State of AI: May 2026
The cyber threshold, China’s coding sprint, and agents meeting real markets
Dear readers,
Welcome to the latest issue of the State of AI, an editorialized newsletter that covers the key developments in AI policy, research, industry, and start-ups during the month of April 2026. First up, a few news items:
Register for RAAIS 2026 is back in London on June 12. This year’s speakers include Raia Hadsell (VP Research, Google DeepMind), Roberta Raileanu (Senior Staff Research Scientist, Google DeepMind), Jeff Hawke (Co-Founder & CTO, Odyssey), and Philip Johnston (Co-Founder & CEO, Starcloud - yes, data centers in space). Come along and support the RAAIS Foundation’s mission in AI education and research.
Portfolio news! Profluent (frontier AI for bio) announced their $2.25B partnership with Lilly for large-gene insertion therapeutics and Sereact (embodied AI) closed a $110M Series B!
Air Street AI meetups are coming up in NYC on May 14.
We’re recruiting Research Analysts for the State of AI Report. If you live and breathe this stuff and want to help us build the next edition, get in touch.

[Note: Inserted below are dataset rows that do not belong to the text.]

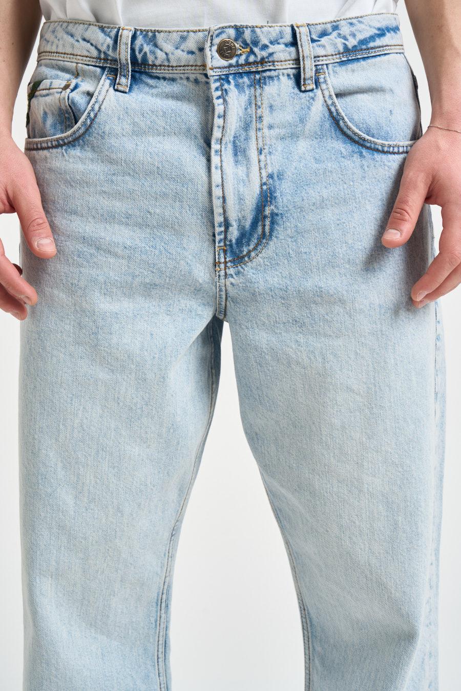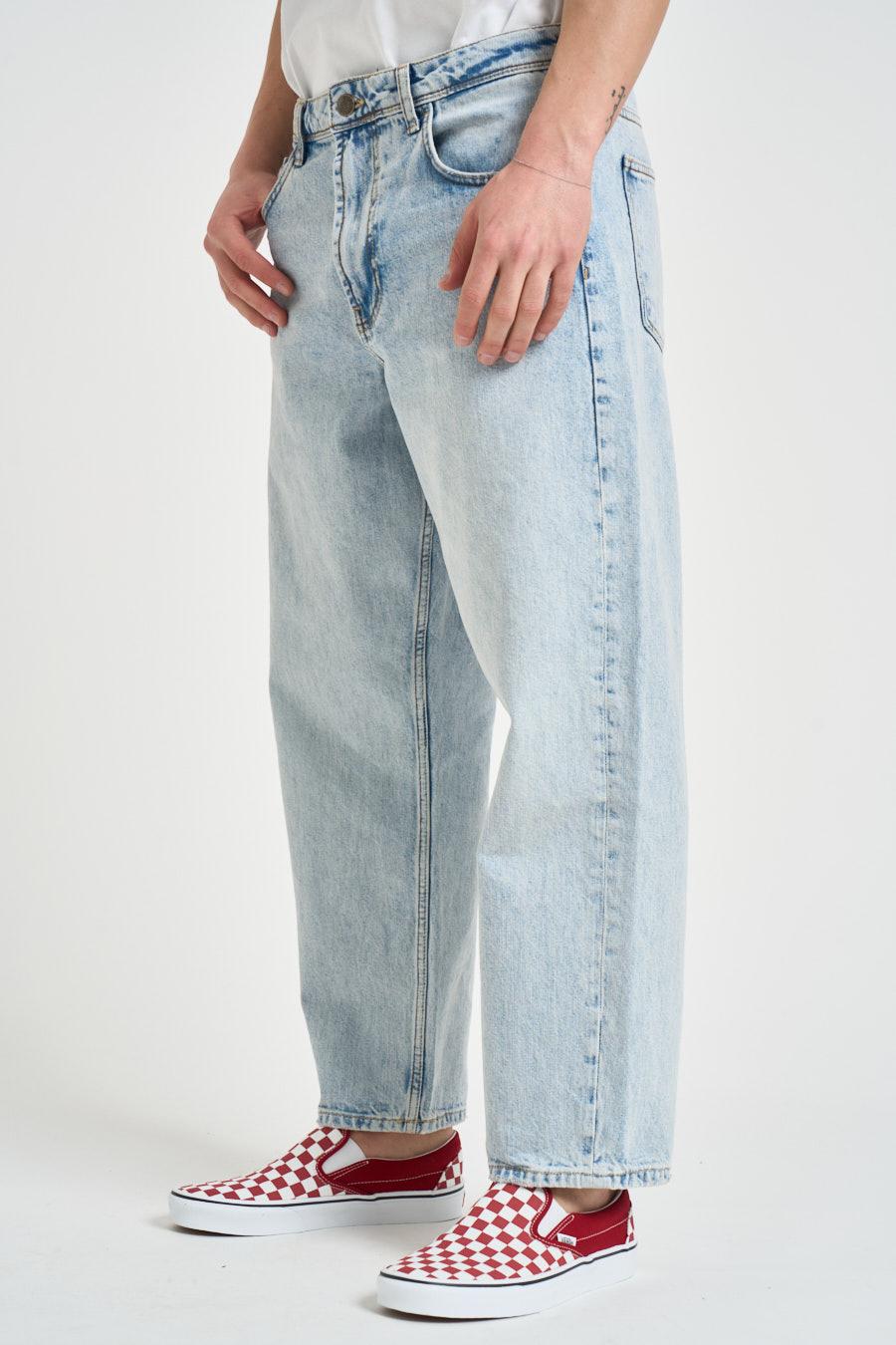 PONT DENIM Jeans uomo regular in denim chiaro. Modello a 5 tasche con impunture a contrasto. Cropped. Composizione: 100% cotone. Il modello è alto 190 cm e indossa la taglia 33.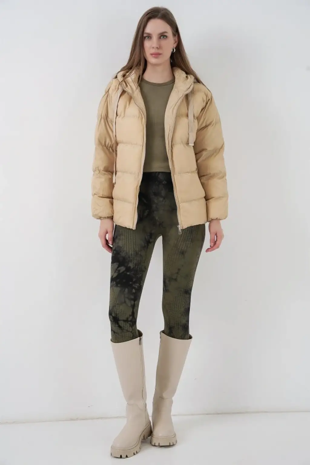 5117 Kapşonlu Şişme Mont - Vizon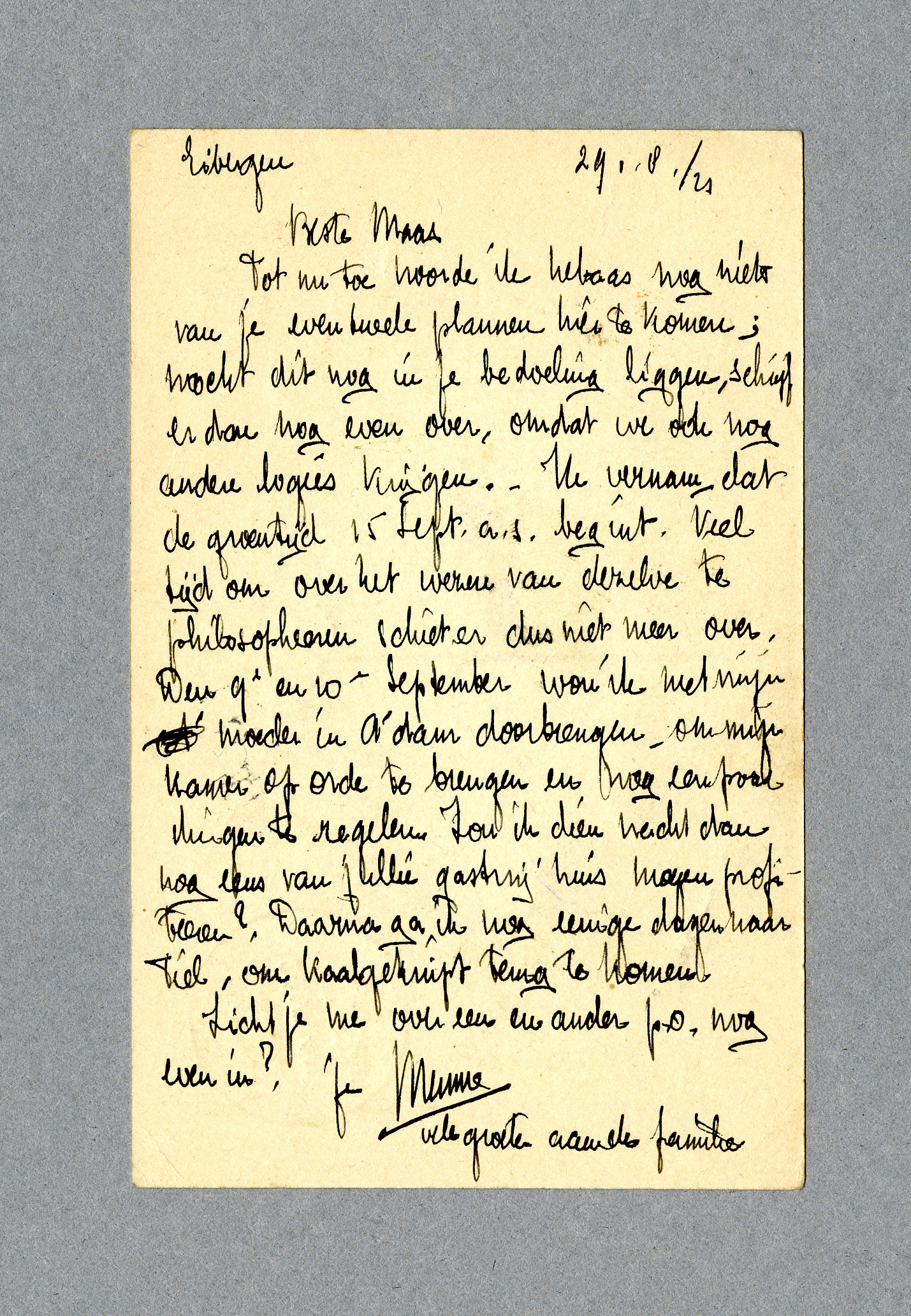 Tot nu toe hoorde ik helaas nog niets van je eventueele plannen hier te komen; mocht dit nog in je bedoeling liggen, schrijf er dan nog even over, omdat we ook nog andere logées krijgen. - Ik vernam, dat de groentijd 15 Sept. a.s. begint. Veel tijd om over het wezen van dezelve te philosopheeren schiet er dus niet meer over. Den 9e en 10e September wou ik met mijn moeder in A'dam doorbrengen, om mijn kamer op orde te brengen en nog een paar dingen te regelen. Zou ik dien nacht dan nog eens van jullie gastvrij huis mogen profiteeren? Daarna ga ik nog eenige dagen naar Tiel, om kaalgeknipt terug te komen.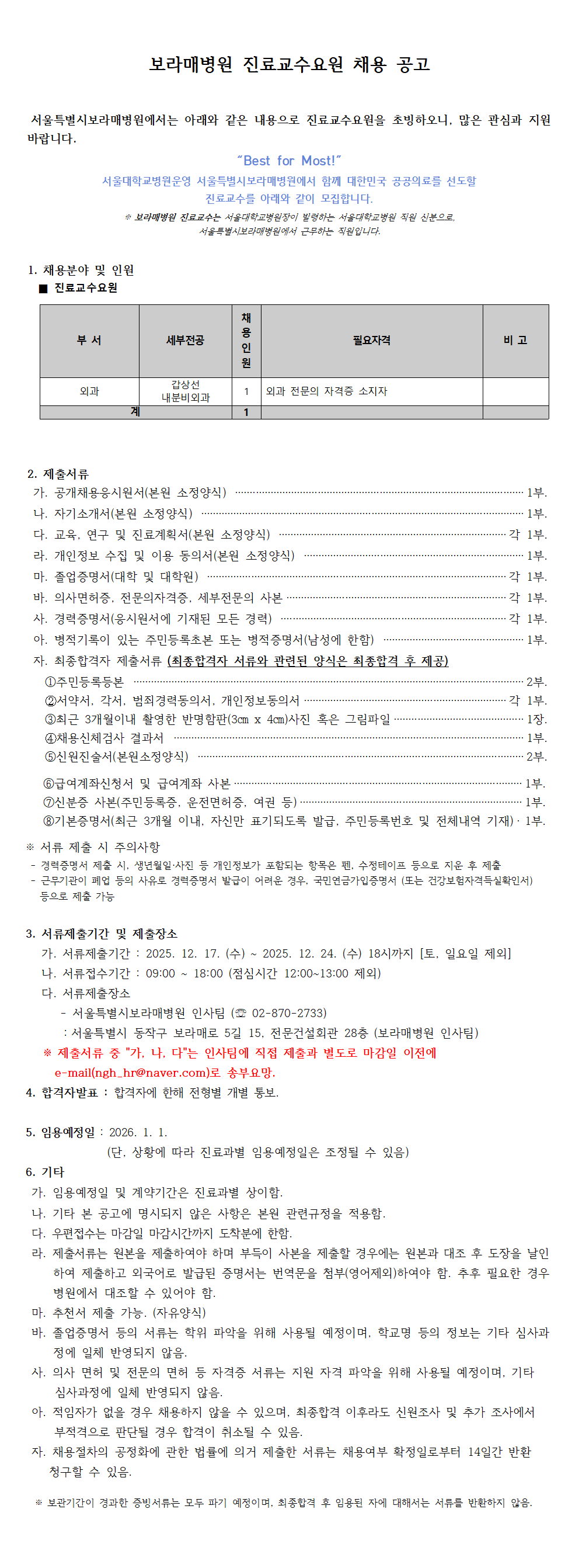 보라매병원 진료교수요원(외과) 채용 공고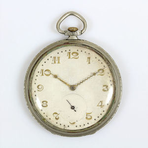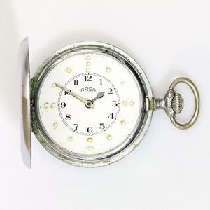 Blindentaschenuhr, ARSA, Metallgehäuse, Stiftanker, E.Z.Blatt mit arab. Zahlen und Punktindex zum Abtasten, D = 51 mm, Uhr läuft, ist aber gut benutzt worden, Sprungdeckel funktioniert nicht einwandfrei !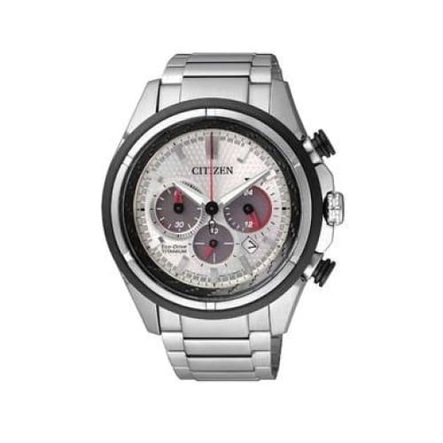 Citizen CA4240-58A Brycen Super Titanium Men's Chronograph Watch with silver dial and red accents.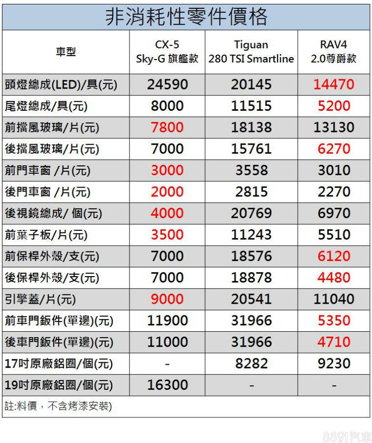 在非消耗器材上,RAV4與CX-5日系之爭,兩車得分項目上不分上下,不過RAV4綜合表現下來卻更有優勢,尤其在頭燈、前後車門鈑件上等多處,以低價位拔得頭籌,至於Tiguan若跟兩車相比,價位讓人乍舌不少,其中在後視鏡總成、與兩車門的鈑件都相當驚人。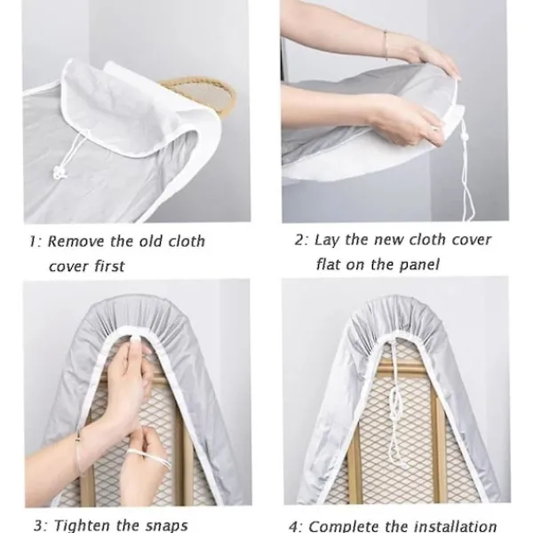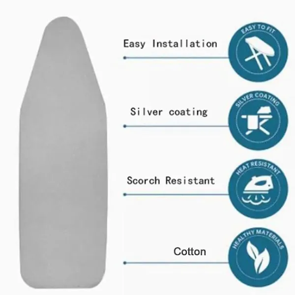 Lätt att installera: Placera bara bomullsöverdraget på strykjärnsbrädan och dra åt snöret. Repdesignen säkerställer säkerhet och halkfrihet, och strykjärnsbrädaöverdraget är fixerat till strykjärnsbrädan i standardstorlek. Oroa dig inte för hala lock på strykjärnsbrädan.

I love hearing what you’re up to, so just hit reply or forward to your friends :-)
Cyber crossed a threshold
Frontier AI has crossed the rubicon into offensive cyber operations. The UK’s AI Security Institute revealed that Anthropic’s Claude Mythos Preview is the first model to clear its 32-step “The Last Ones” (TLO) range - a corporate-network simulation covering reconnaissance to full domain takeover that typically demands 20 hours of human red-teaming. Mythos cleared the range in 3 of 10 runs and maintained a 73% success rate on expert-level tasks. Crucially, the AISI range lacks active defenders or defensive tooling; as such, these evaluations do not yet prove efficacy against hardened targets. The Institute was candid: current benchmarks are failing to discriminate between frontier models without introducing adversarial defensive layers.
OpenAI’s GPT-5.5 followed just three weeks later with a near-identical capability profile: 2 of 10 end-to-end solves and 71.4% on expert tasks, carrying the same “defenders-absent” caveat. The headline takeaway is the velocity of progress: AISI now estimates frontier cyber-offence capability is doubling every four months, accelerating from a seven-month doubling rate at the close of 2025. The notion that AI-driven offence is a distant prospect has effectively been liquidated by the data.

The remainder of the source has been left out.